MongoDB sits at the crossroads between SQL, where developers can write queries on a logical model without naming indexes, and the NoSQL world, where developers are accustomed to querying directly by mentioning indexes in their queries.
Except for Atlas Search and Vector indexes, where you must explicitly indicate whether it uses approximate search, you typically query a collection, and the MongoDB query planner determines which index to use.

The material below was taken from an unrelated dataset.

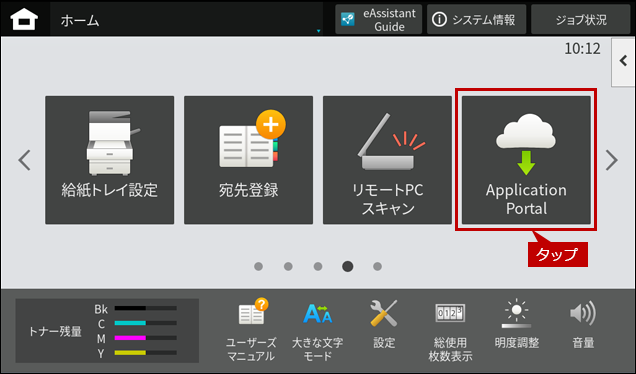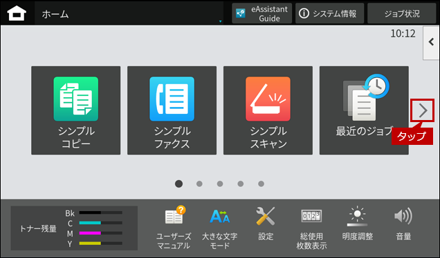9. ホーム画面が表示されますので、[>]をタップして画面を右にスクロールします。

One exception to this rule happens when using an optimizer hint to reference an index. This feature is supported in most popular databases, except PostgreSQL, where it requires pg_hint_plan. When the hint isn't fully compatible with the query planner's execution plans, different databases may behave differently.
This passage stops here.